Die Brasilianerinnen rächen sich an Wolfgang Pfeffer per Voodoo. Der Zauber wird an einem Tiefkühl-Huhn durchgeführt. Mit Filzstift wird dick Pfeffer daraufgeschrieben, dann werden Zimmermanns-Nägel (groß wie Kugelschreiber) ins Huhn getrieben. Opa Kischewski stört das nicht - er schiebt das Voodoo-Huhn trotzdem in den Backofen, was Wolfgang Pfeffer fast umbringt.
Olafs Vater wiederum zaudert nicht lange, sondern angelt sich gleich Felicidade.

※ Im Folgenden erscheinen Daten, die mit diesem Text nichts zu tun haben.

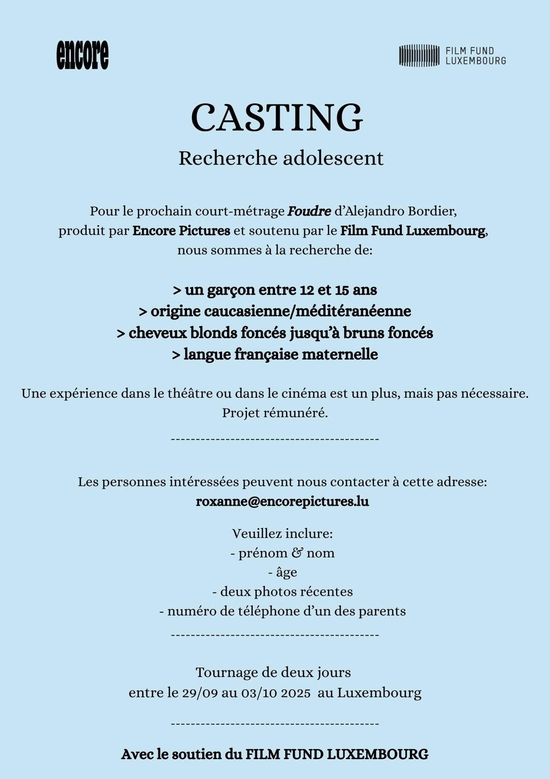 Dans le cadre du tournage d'une publicité pour une banque Luxembourgeoise qui aura lieu à Bruxelles et à Luxembourg.... |

Die zweite Brasilianerin kriegt der Orts-Sheriff, der Olafs bester Freund ist. Nur die dritte Dame geht leer aus. Weil sie zu dick ist für die Ehe? Egal. Dicke Menschen sind grundsätzlich luschtig, deshalb gehört 'ne Dicke in den Film. Als Running Gag, muss Alegra (die Dicke) ständig auf die Toilette. Man weiß ja: manche müssen immer müssen - haha. Wenn schon Brasilianerinnen in einem Film, dann müssen sie natürlich tanzen und singen, in Makramee-Kostümen. Das ist zwar mehr dämlich als lustig - doch so ist der Film nun einmal.

Filmkritik

Es gibt es nicht viel zu sagen: Hape Kerkeling als Olaf hat seine lichten Momente. Etwa beim korrigieren der deutschen Sprache. Ansonsten ist er der nette (Mett-)Mann von nebenan, ohne weitere Charakterisierung. Für jede Figur haben sich die Drehbuch-Autoren jeweils eine witzige Eigenschaft ausgedacht. Da es in der Regel bei einer Eigenschaft pro Person bleibt, fehlt es außer an Humor auch an Vielschichtigkeit.
Filmkritik: Thomas Maiwald

Credits

Original Film-Titel: "

Deutschland 2002

Laufzeit in Minuten ca.: 82

Regie: Angelo Colagrossi

Drehbuch: Angelo Colagrossi, Hans Peter Kerkeling

Kinostart / Filmstart: 29.01.2004

Schauspieler (Besetzung): Hape Kerkeling (Olaf Kischewski), Rolf Nagel (Opa Kischewski), Sky du Mont (Benno Kischewski), Doris Kunstmann (Frau Pfeffer), Uwe Rohde (Wolfgang Pfeffer), Alexandra Neldel (Vera), Barbara-Magdalena Ahren (Frau Rehbein), Max von Thun (Anthony), Pamela Knight (Alegra), Beatrice Sadek-Masala (Felicidade), Jana Ina Berenhauser (Gioia), Janette Rauch (Julchen Wollberg), Michael Sideris (Ralf), Judith Döker (Janina), Tyron Ricketts (Jens Mukatabe), Petra Zieser (Moderatorin)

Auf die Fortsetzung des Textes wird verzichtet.